=== Task description ===
Only the pictures are dropped. Restate each line below word for word.

=== Dataset section ===

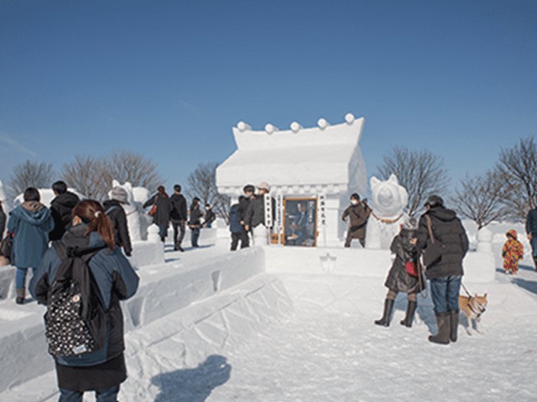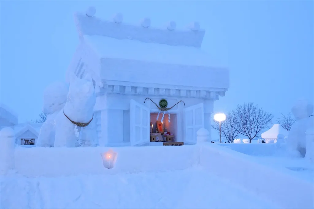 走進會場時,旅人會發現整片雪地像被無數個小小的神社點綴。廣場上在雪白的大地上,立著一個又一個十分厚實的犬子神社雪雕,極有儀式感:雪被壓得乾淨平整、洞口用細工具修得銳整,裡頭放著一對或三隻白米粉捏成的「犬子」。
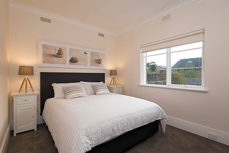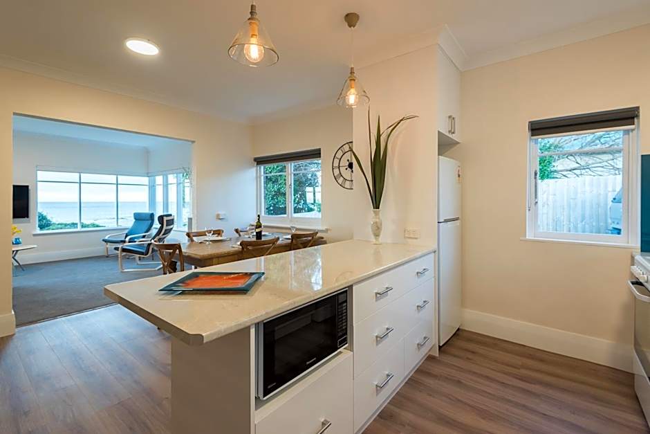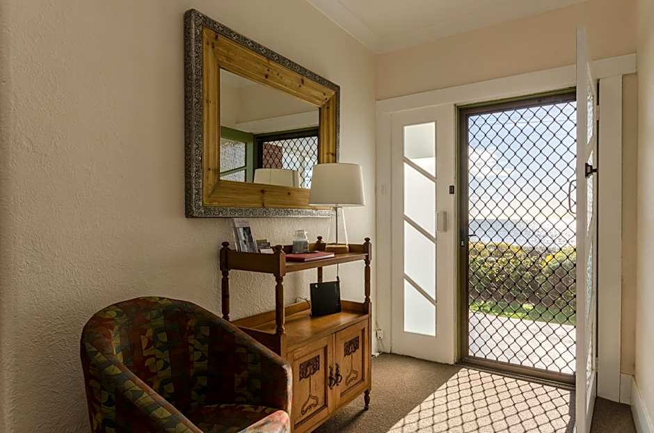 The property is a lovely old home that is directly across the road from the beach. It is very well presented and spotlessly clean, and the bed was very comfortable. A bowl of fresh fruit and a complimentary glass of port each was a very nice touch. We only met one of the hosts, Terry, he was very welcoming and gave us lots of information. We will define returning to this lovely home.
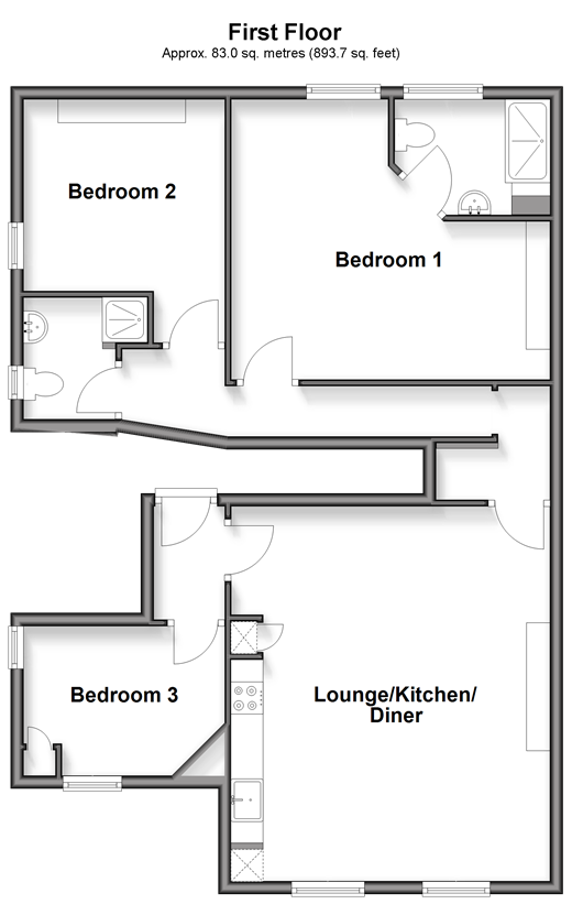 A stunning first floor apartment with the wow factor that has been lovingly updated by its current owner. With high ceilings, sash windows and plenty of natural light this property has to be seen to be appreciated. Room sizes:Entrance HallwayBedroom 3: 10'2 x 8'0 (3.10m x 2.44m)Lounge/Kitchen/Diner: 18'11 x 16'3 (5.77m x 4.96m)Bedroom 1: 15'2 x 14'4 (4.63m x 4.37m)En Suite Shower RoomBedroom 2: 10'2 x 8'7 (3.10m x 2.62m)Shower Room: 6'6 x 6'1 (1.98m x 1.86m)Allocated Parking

=== Result of the task ===
 走進會場時,旅人會發現整片雪地像被無數個小小的神社點綴。廣場上在雪白的大地上,立著一個又一個十分厚實的犬子神社雪雕,極有儀式感:雪被壓得乾淨平整、洞口用細工具修得銳整,裡頭放著一對或三隻白米粉捏成的「犬子」。
 The property is a lovely old home that is directly across the road from the beach. It is very well presented and spotlessly clean, and the bed was very comfortable. A bowl of fresh fruit and a complimentary glass of port each was a very nice touch. We only met one of the hosts, Terry, he was very welcoming and gave us lots of information. We will define returning to this lovely home.
 A stunning first floor apartment with the wow factor that has been lovingly updated by its current owner. With high ceilings, sash windows and plenty of natural light this property has to be seen to be appreciated. Room sizes:Entrance HallwayBedroom 3: 10'2 x 8'0 (3.10m x 2.44m)Lounge/Kitchen/Diner: 18'11 x 16'3 (5.77m x 4.96m)Bedroom 1: 15'2 x 14'4 (4.63m x 4.37m)En Suite Shower RoomBedroom 2: 10'2 x 8'7 (3.10m x 2.62m)Shower Room: 6'6 x 6'1 (1.98m x 1.86m)Allocated Parking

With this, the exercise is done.